Un autre portrait d'une qualité inférieure, et appartenant au baron Jérôme Pichon, est exposé en ce moment au Trocadéro. C'est, sauf un changement dans le mouvement des mains, la même coiffure, le même allumage des joues par le fard, la même robe de satin blanc en une effigie plus grossière et dans une peinture plus alourdie.
Il y aurait peut-être un portrait de la duchesse de Châteauroux dans les palais royaux de la Prusse: le portrait demandé, d'après de Luynes, par Frédéric à d'Argenson, par l'entremise de M. de Courten.

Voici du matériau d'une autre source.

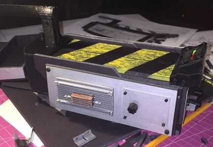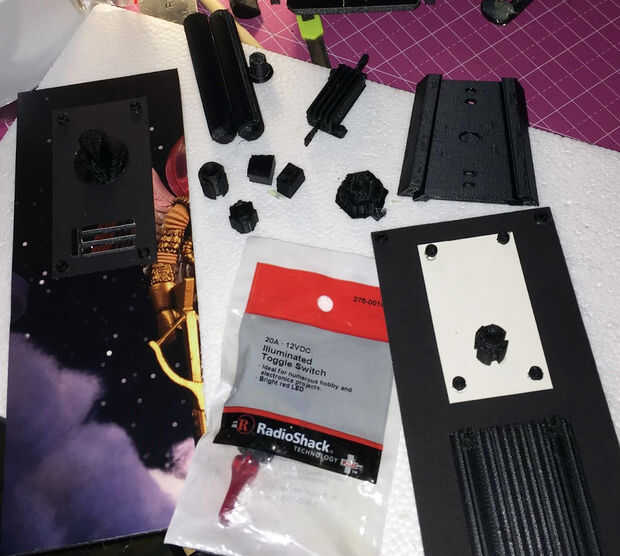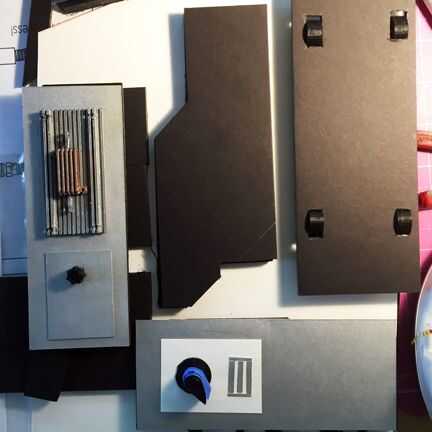 Los paneles laterales se fije a las paredes de la caja externa y tienen la mayoría de los geegaws. Sólo cortar mis paneles de espuma y añade un rectángulo pequeño de cartulina a cada panel para las perillas vivir. El panel de la izquierda está listo para pintura de plata una vez que usted coloque la cartulina, el panel de la derecha puede ser pintado antes o después de la adición del disipador de calor como lo es también de plata. No olvides golpear los bordes con la pintura también.
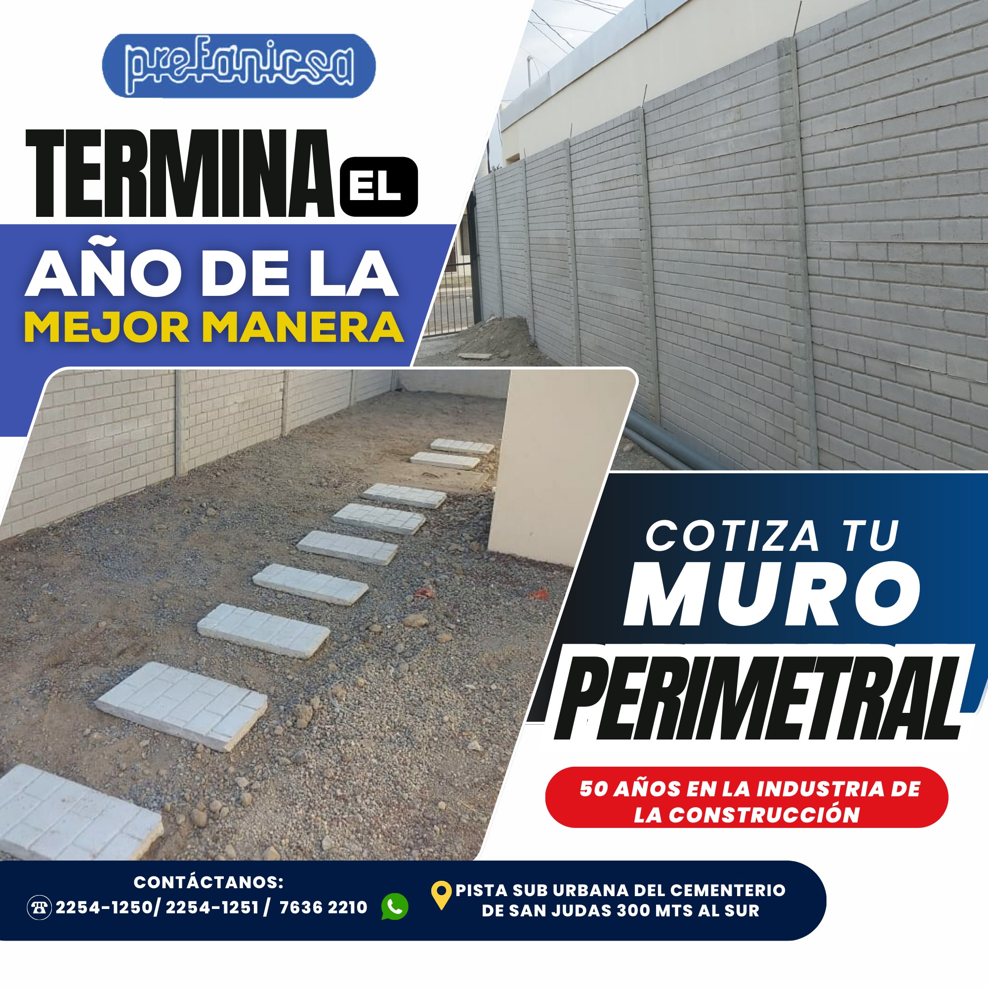 PREFANICSA es una empresa líder en soluciones de construcción, especializada en la instalación de muros prefabricados con altos estándares de calidad, precisión y durabilidad. Nuestro compromiso es ofrecer estructuras sólidas, seguras y eficientes, garantizando resultados que superan las expectativas de cada cliente. En PREFANICSA, transformamos tus proyectos en obras firmes y confiables.
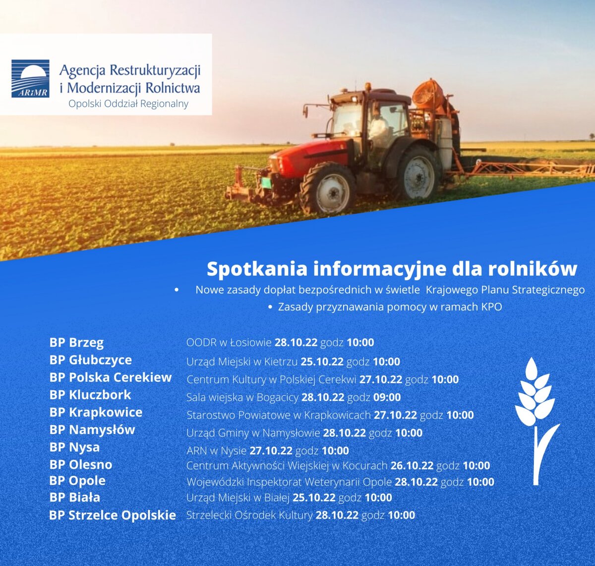 Agencja Restrukturyzacji i Modernizacji Rolnictwa uprzejmie informujemy o cyklu spotkań dedykowanych rolnikom jakie odbędą się na terenie województwa opolskiego w związku z wejściem Nowego Planu Strategicznego dla rolników oraz uruchomieniem pierwszych naborów w ramach Krajowego Planu Odbudowy.
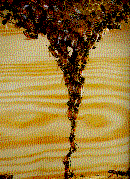 ![]() | La costruzione del favo naturale ha inizio di solito dall'alto e si origina in due-tre punti diversi mentre gli angoli inferiori pendono liberamente e si restringono a forma di U. Nella costruzione, le api, formano catene a gruppi compatti ,all'interno la temperatura si mantiene sui 35° necessaria per modellare la cera. | |
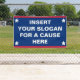 One of the most important things for rallying your community to support your cause is to make sure your message is seen and heard. Easily personalise this durable outdoor banner with your custom text. You can customise the design to make this banner your own unique expression of your cause. Available in outdoor or indoor banner. No minimum order quantity and no setup fee.
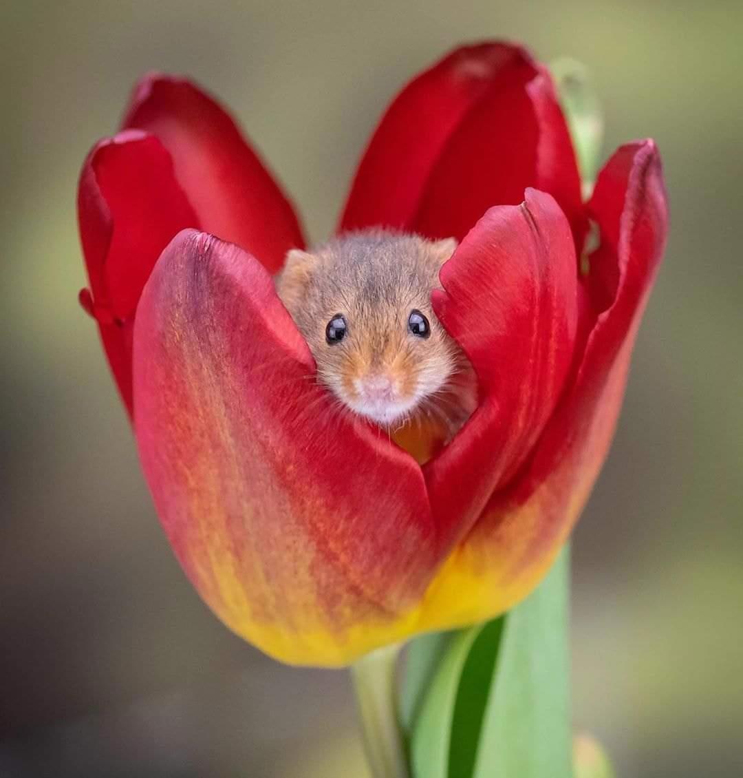 Мелкий спрятался в тюльпане
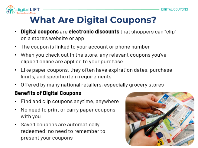Help learners save money on groceries and household items by teaching them to find, clip, and use digital coupons in store apps like Safeway. Purchase to teach this workshop in your community.
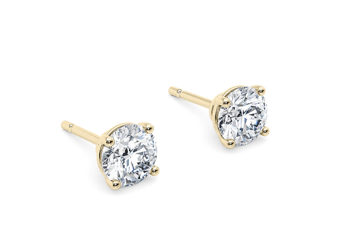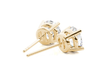 Paire de clous d’oreille en or jaune 18k, 4 griffes.
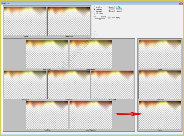 15 - Effets/Adjust/Variations réglages suivants: Cliquez 2 fois sur Darker, puis OK
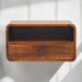 - Curve Upper Slot Floating Bedside - The bigger brother to our original Floating Curve Open Slot Bedside, this minimalistic wall-mounted unit has been constructed from 100% solid mango wood in a finish and features 1 drawer with a shiny knob along with 1 open shelf for storing any bits and pieces you wish to keep close by before bedtime. It's neat and clean design can easily be mounted on the wall without the fuss of any legs. Caution! Do not sit on the unit.

Il existait autrefois un dessin de madame de la Tournelle dans le cabinet de M. de Fontette, que la Bibliothèque ne possède plus.]
[411: Voici un portrait en vers de madame de la Tournelle, que donnent les Mélanges de Bois-Jourdain:
Elle a d'Hébé la brillante jeunesse, Toute la grâce et l'enjouement, Ce doux regard plein de finesse Où se niche si joliment, Sous les traits de la gentillesse, L'expression du sentiment; Ce je ne sais quoi qui nous touche Plus séduisant que la beauté; Le sourire enfantin, des lèvres, une bouche Où réside la volupté, Un teint que le lys et la rose Tour à tour ont soin d'embellir; Un sein qui jamais ne repose, Doux labyrinthe du désir. ]
[412: _Fragment des Mémoires de la duchesse de Brancas_. Lettres de Lauraguais à Madame ***. Buisson, 1802.]
[413: _Mémoires du duc de Luynes_, t. V.]
[414: _Mémoires du duc de Luynes_, t. V.]
[415: _Mémoires du duc de Luynes_, t. V.]
[416: _Mémoires du duc de Luynes_, t. IV.]
[417: _Chronique du règne de Louis XV_, 1742, 1743, _Revue rétrospective_, t. V.]